## Exercise instructions
Nothing but the lines from the one containing "Summary Patient Education" through the one containing "インドで礼拝用に使用されてい", both included, should be given again, each exactly as written below.

## Records for the task
[Start of section]
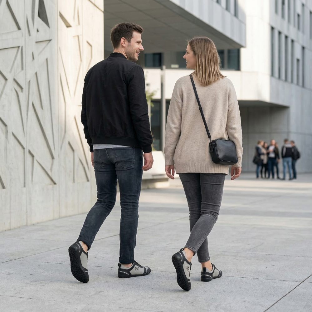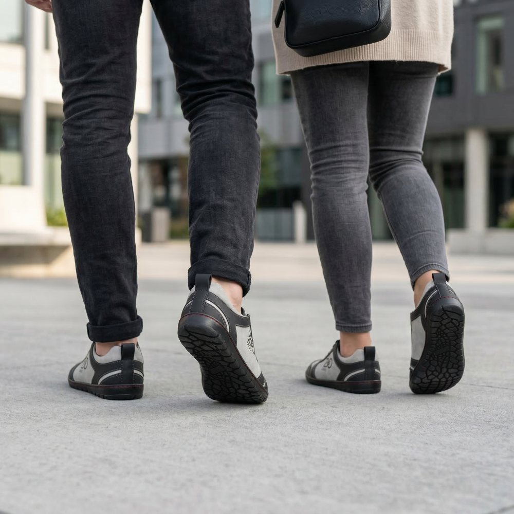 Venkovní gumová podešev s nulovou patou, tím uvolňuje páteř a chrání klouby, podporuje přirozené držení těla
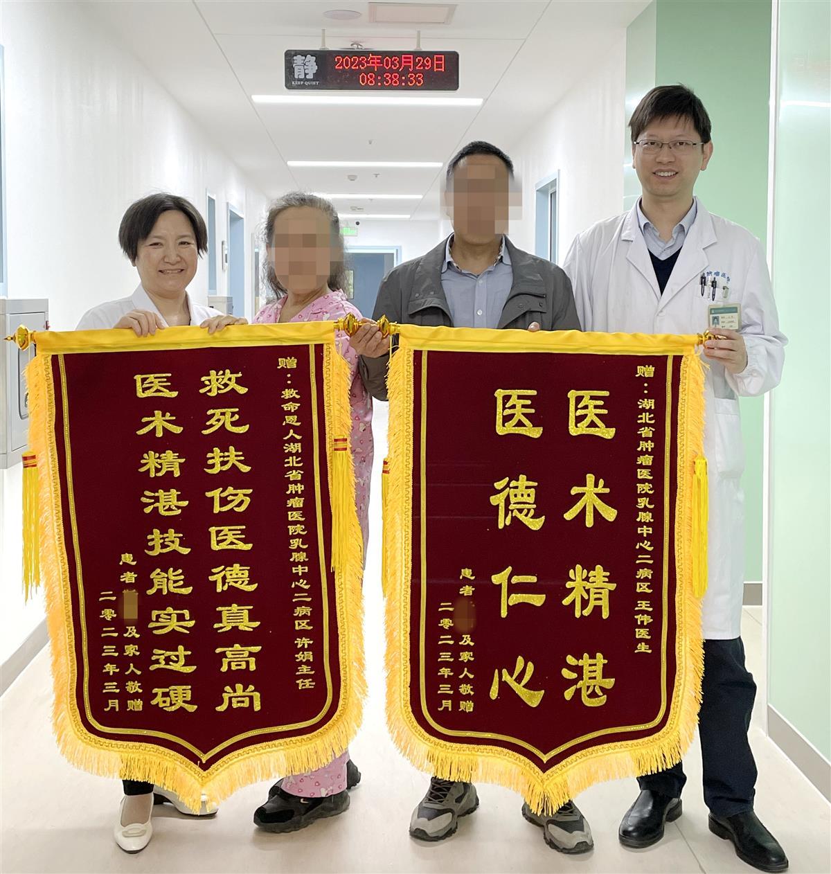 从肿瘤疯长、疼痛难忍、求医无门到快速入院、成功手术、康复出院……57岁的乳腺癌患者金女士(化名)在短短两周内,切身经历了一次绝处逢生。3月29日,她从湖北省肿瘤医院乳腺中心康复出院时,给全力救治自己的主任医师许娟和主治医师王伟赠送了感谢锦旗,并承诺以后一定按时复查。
[End of section]
[Start of section]
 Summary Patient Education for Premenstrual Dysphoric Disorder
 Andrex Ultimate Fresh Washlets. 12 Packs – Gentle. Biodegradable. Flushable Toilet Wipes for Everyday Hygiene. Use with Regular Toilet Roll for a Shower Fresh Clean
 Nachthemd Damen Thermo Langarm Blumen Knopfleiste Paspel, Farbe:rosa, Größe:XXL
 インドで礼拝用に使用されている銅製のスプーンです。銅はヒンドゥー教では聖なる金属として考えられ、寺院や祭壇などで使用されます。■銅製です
[End of section]
[Start of section]
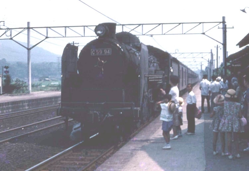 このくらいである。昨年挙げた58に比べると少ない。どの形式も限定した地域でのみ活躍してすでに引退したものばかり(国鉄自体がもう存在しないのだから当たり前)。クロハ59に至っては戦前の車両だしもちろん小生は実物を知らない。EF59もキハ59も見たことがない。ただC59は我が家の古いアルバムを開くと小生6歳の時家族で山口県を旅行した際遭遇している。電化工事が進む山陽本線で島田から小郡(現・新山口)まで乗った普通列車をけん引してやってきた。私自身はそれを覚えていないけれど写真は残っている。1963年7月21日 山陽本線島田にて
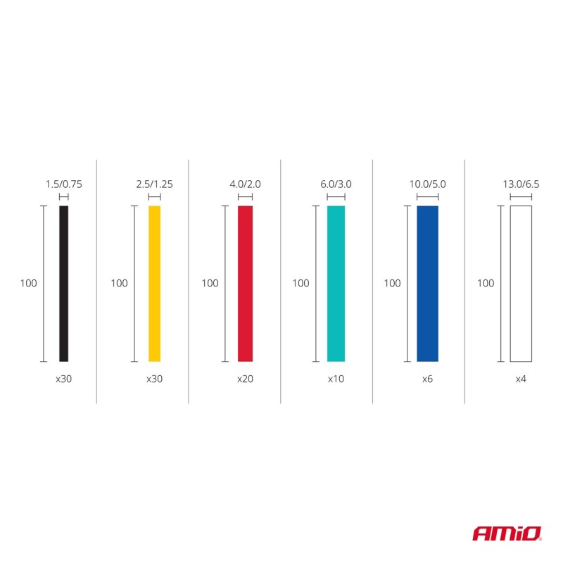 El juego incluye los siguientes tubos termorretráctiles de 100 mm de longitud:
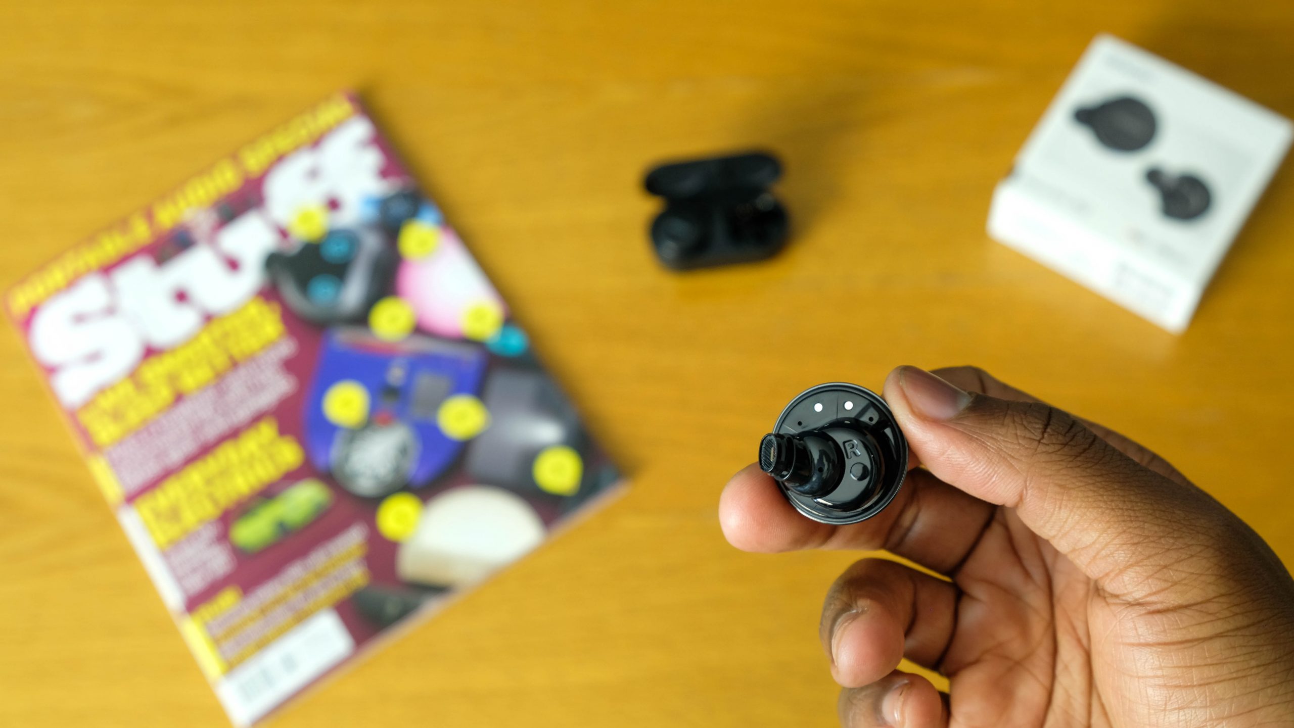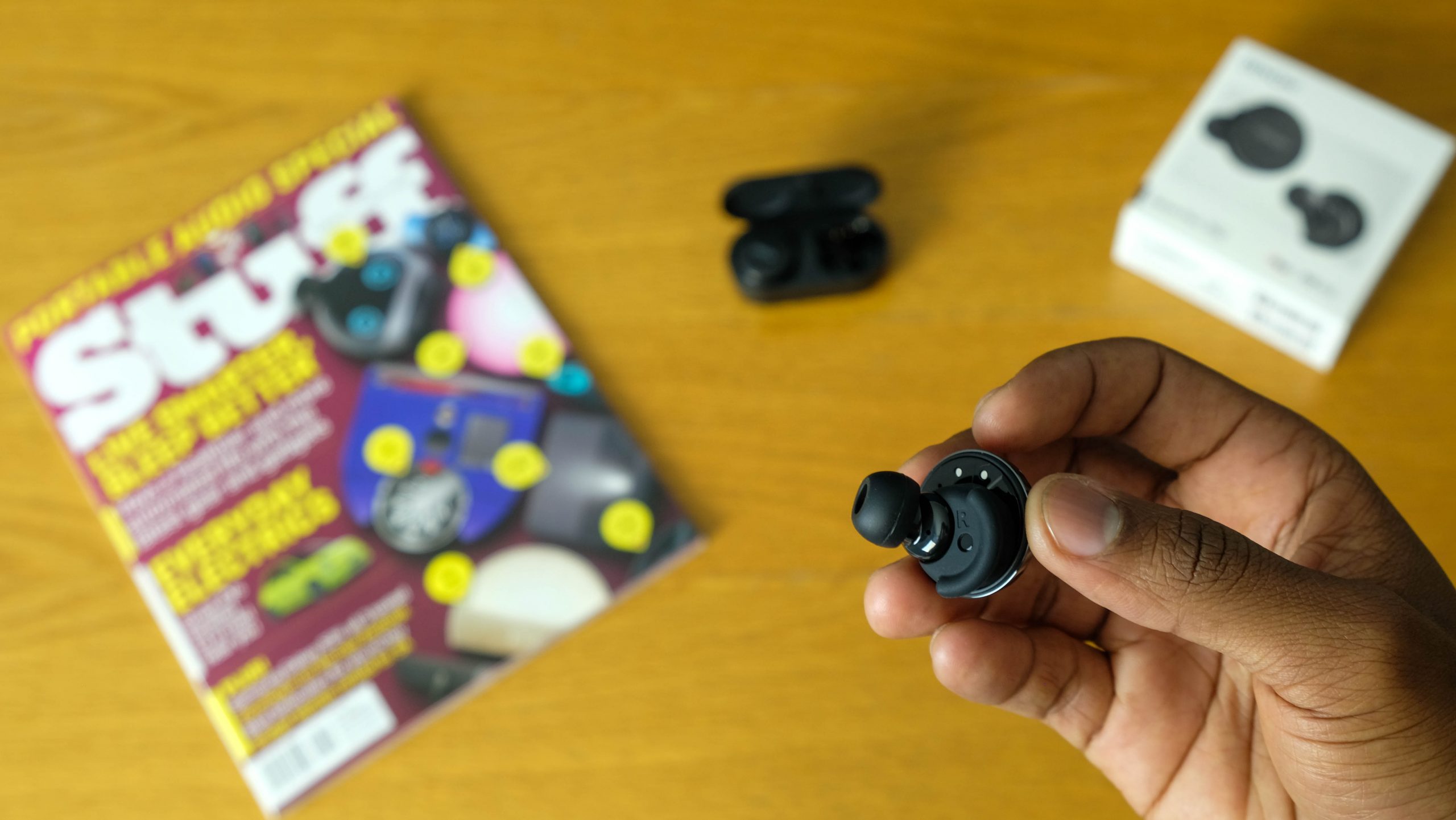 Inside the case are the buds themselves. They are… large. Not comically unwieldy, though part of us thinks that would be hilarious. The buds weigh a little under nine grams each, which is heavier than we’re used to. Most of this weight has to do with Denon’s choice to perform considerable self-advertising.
[End of section]
## Problem solution
 Summary Patient Education for Premenstrual Dysphoric Disorder
 Andrex Ultimate Fresh Washlets. 12 Packs – Gentle. Biodegradable. Flushable Toilet Wipes for Everyday Hygiene. Use with Regular Toilet Roll for a Shower Fresh Clean
 Nachthemd Damen Thermo Langarm Blumen Knopfleiste Paspel, Farbe:rosa, Größe:XXL
 インドで礼拝用に使用されている銅製のスプーンです。銅はヒンドゥー教では聖なる金属として考えられ、寺院や祭壇などで使用されます。■銅製です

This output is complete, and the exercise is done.